王向紅果斷答應,又說道:“應該是外貿集團的單位給咱們準備了不少商品吧?你上次不是說跟他們進行合作嗎?”
王憶搖頭道:“不應該,外貿集團那邊答應把商品直接給咱們送到碼頭送進倉庫里。算了,這事簡單,去看看就知道了。”
“另一個正好咱們得去縣里一趟,教育系統給我送了一封信,要我們開大仿課,然后去縣里買字帖。”
“買字帖?”王向紅掏出煙袋準備往煙袋鍋里塞煙絲,聽到這話又把煙袋收起來了,“什么意思?怎么還得買字帖?不給學生們發嗎?”
王憶說道:“不發,學生們自己買,一本一元錢。”
“另外也有毛筆墨水出售——這個倒是不必了,之前外貿集團給咱們支援了很多文具,我看過了,里面有一箱子的毛筆也有大瓶的墨汁。
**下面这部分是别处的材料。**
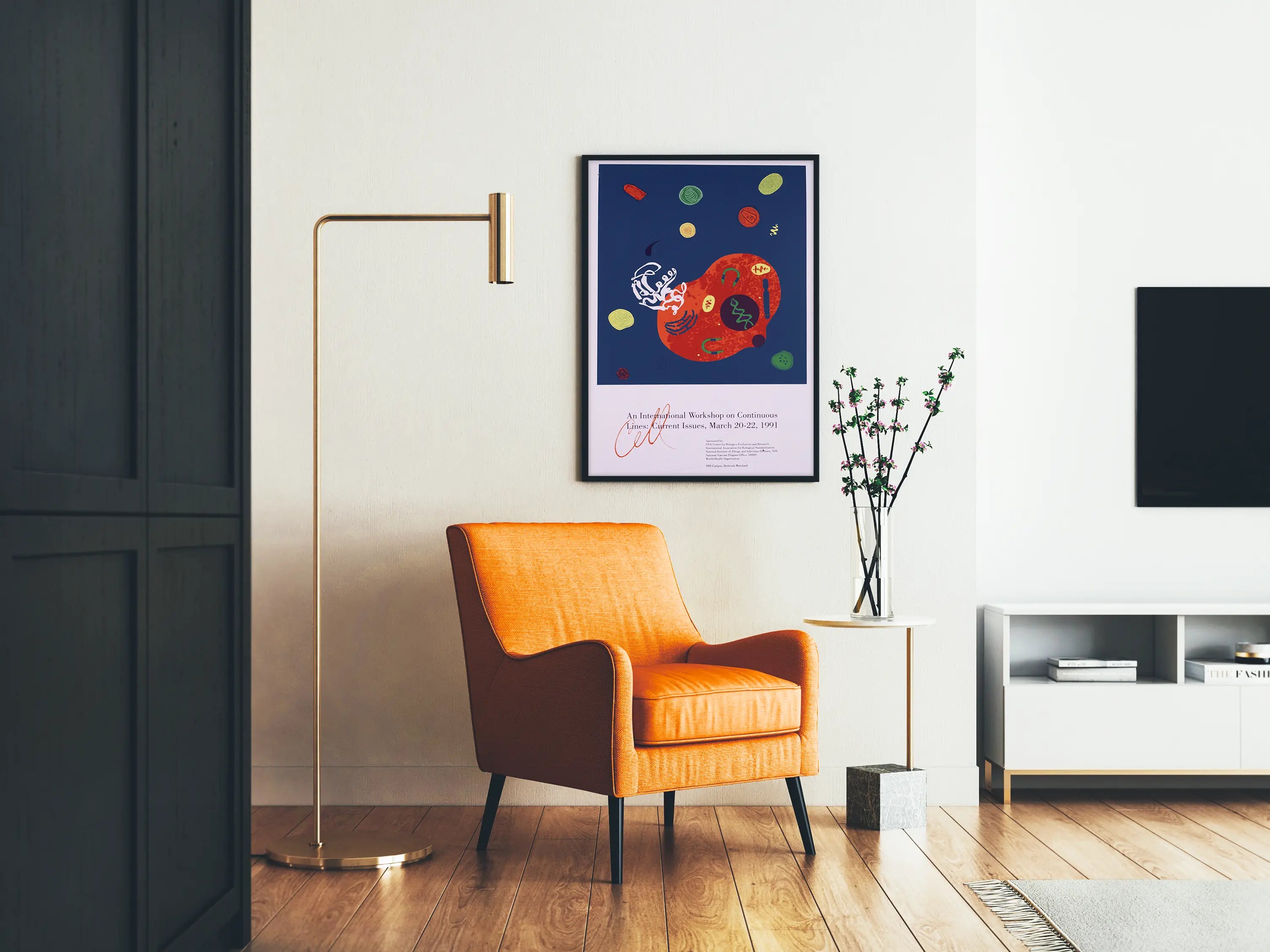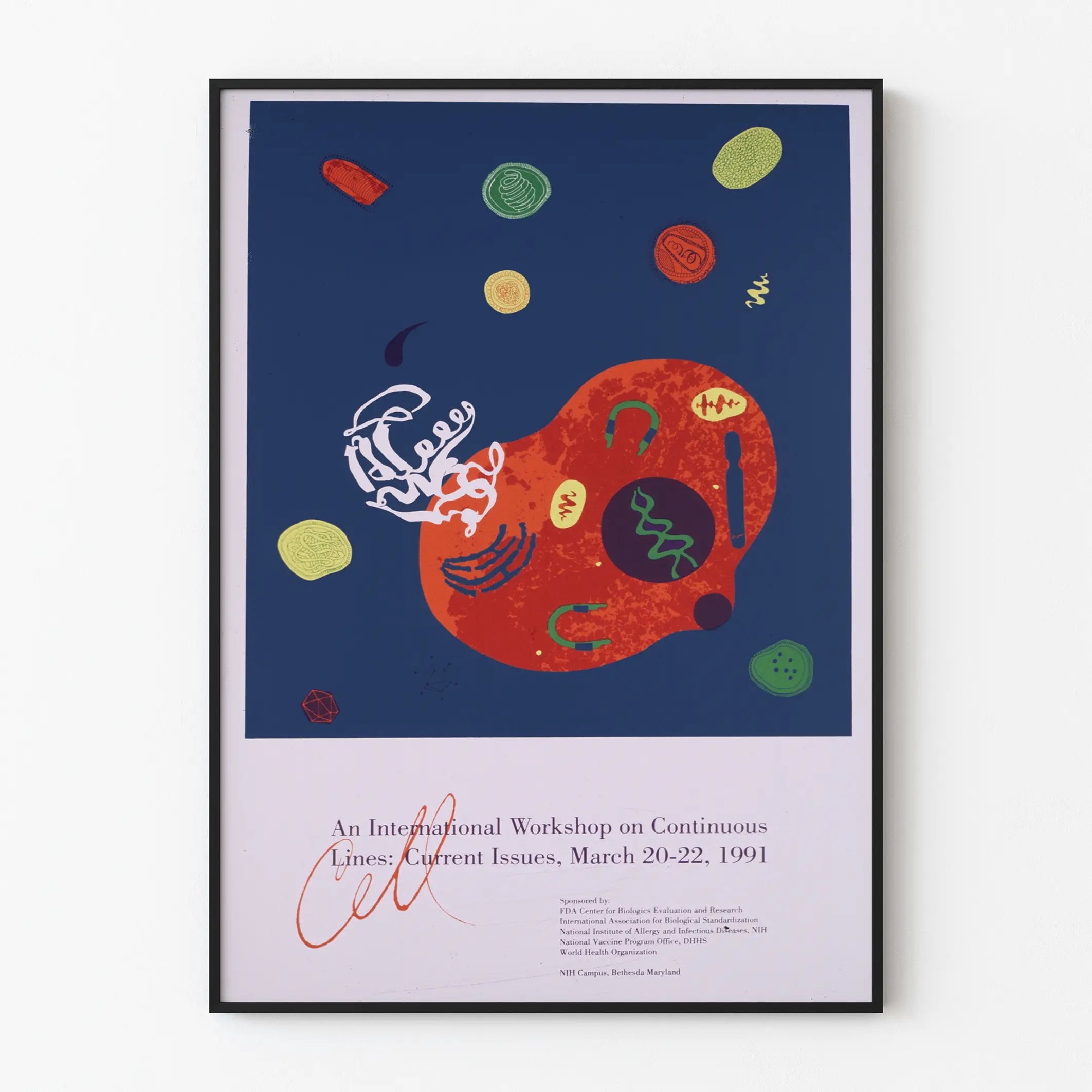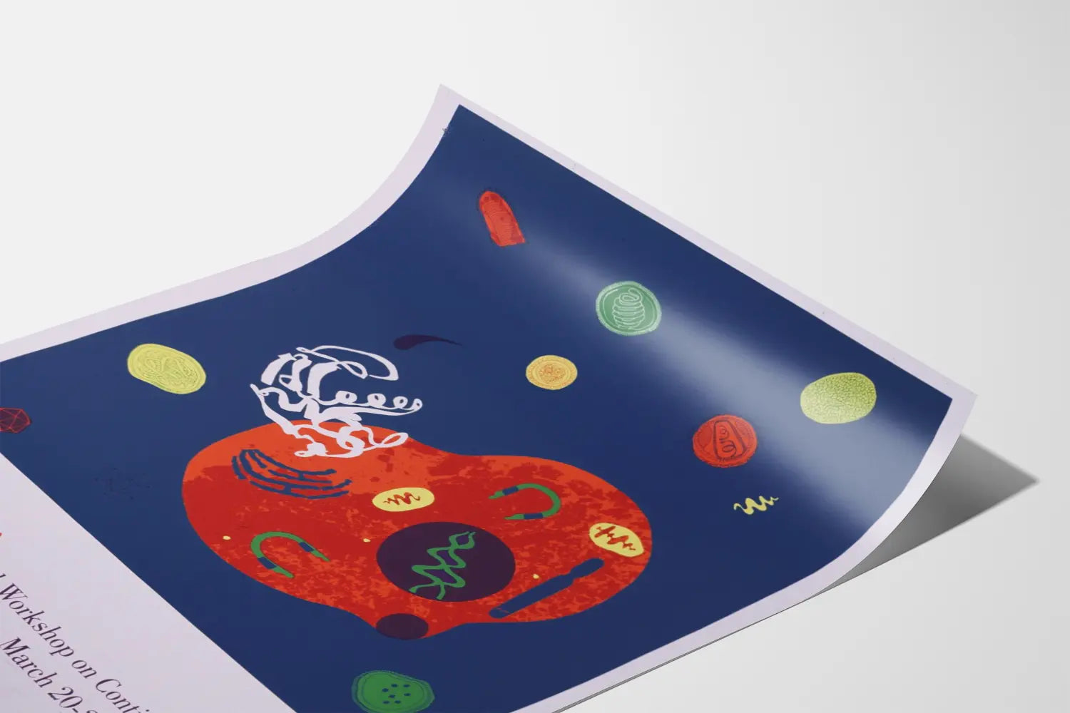 Dieses einzigartige Kunstposter zeigt eine abstrakte Komposition, inspiriert von der wissenschaftlichen Welt, mit Fokus auf die Idee der durchgehenden Linien. Die Wanddekoration wird von einer texturierten, roten, organischen Form dominiert, die auf einem tiefblauen Hintergrund zu schweben scheint, begleitet von sekundären Formen in Gelb, Grün und Orange, die Zellen oder mikroskopische Strukturen andeuten. Weiß schimmernde, wirbelnde Linien und stilisierte grafische Elemente bereichern das Gesamtbild, verleihen ihm visuelle Dynamik und ein Gefühl ständiger Bewegung. Dieses Poster ist eine wahre Einladung zur Reflexion über Formen und Flüsse, ideal für eine zeitgenössische Wandgestaltung mit einem originellen und wissenschaftlichen Akzent. Der im unteren Bereich gedruckte Text erwähnt ein internationales Seminar über durchgehende Linien aus dem März 1991, was dem Bild einen historischen und thematischen Mehrwert verleiht. Dieses Poster passt perfekt in einen Arbeitsraum, ein Büro oder eine Bibliothek und bringt Farbe sowie Material durch seine reiche und kontrastreiche Farbpalette. Durch die Verbindung von Abstraktion und Wissenschaft richtet sich dieses dekorative Bild an alle Liebhaber komplexer Grafiken und an Designbegeisterte, die Kunst und wissenschaftliche Konzepte verbinden. Dieses Wandbild in Ihr Zuhause zu integrieren bedeutet, ein Stück zu wählen, das sowohl ästhetisch ansprechend als auch anregend ist und eine leere Wand in einen faszinierenden Blickfang verwandelt. Entscheiden Sie sich für diese originelle und stilvolle Wanddekoration, um eine moderne und gelehrte Atmosphäre in Ihren Raum zu bringen.

”
教育系統的領導之所以要求張有信把信親手交給王憶,就是因為這是一封收錢的信,可不能丟失。
王向紅說道:“墨汁不用成品的,咱隊里誰家還沒有塊墨石和硯臺?讓學生自己磨墨就好了。”
“至于這個大仿課用的練字本?一份一元錢,太貴了,咱隊里人現在有分紅買得起,你說咱外島其他窮人家的孩子怎么辦?”
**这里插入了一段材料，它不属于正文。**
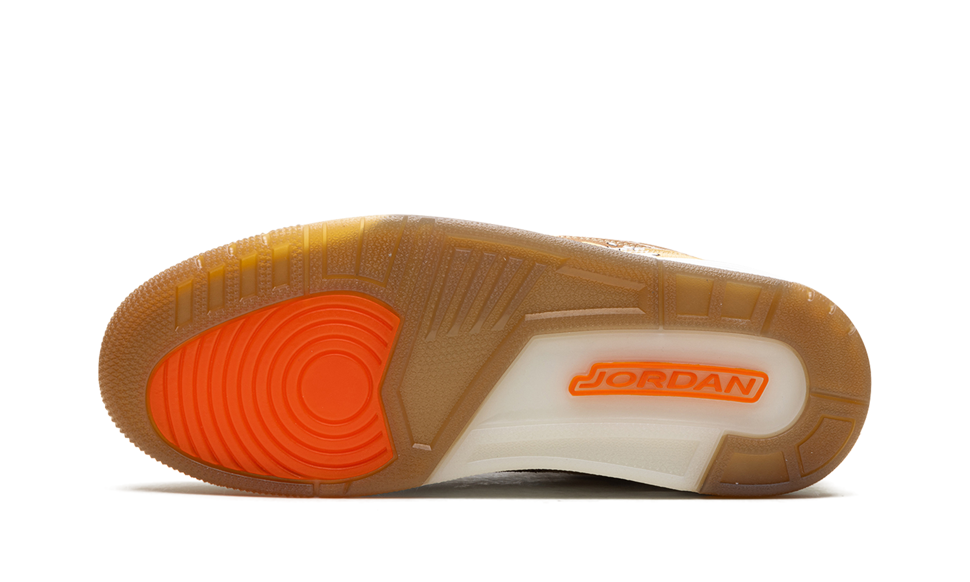 Legendary Air cushioning meets modern comfort with visible heel Air-sole units and lightweight polyurethane midsole. The padded collar features soft textile lining in light-hemp, while Brilliant Orange JORDAN lettering underfoot adds that perfect pop of color.

王憶問道:“他們不至于連五角、一元的都掏不出來吧?”
王向紅說道:“好些人家一分錢得掰成兩半花,他們家里欠著外債呢,五毛錢也很難掏出來,何況一塊錢。”
“還有了,主要是孩子難辦,你當教師的知道,好些人家不贊同孩子去上學,他們找家長去要錢是難關啊!”
王憶默默點頭。
老隊長這話說的對。
可是這件事很無奈——
大仿課所用的字帖無非是一些大字本,本子上蒙著一張白紙,透過白紙能看到下面毛筆字的筆畫,然后描摹筆畫即可。
這樣如果學生們家庭條件差,那不買大字本一樣能上大仿課,隊里有打印機,用打印機來復印一些大字紙便是了,這樣學生們不用花錢。
讓王憶感到無奈的地方在于:
隊里人是支持學生們上學的,該交的書本費要交、該交的學雜費也要交,這種大仿課既然是國家統一的安排,那他們自然愿意掏出五角錢來給孩子買本子。
而外隊、外村有些人家未必愿意讓孩子買大仿課本子,難道讓他們學校復印了字帖送去給外隊學生用?
這事讓教育系統給知道了,恐怕不好交代。
這是斷人財路!
王向紅深思熟慮之后,說道:“這事你該收錢就收錢,外隊的情況我來跟他們隊里的干部聯系。”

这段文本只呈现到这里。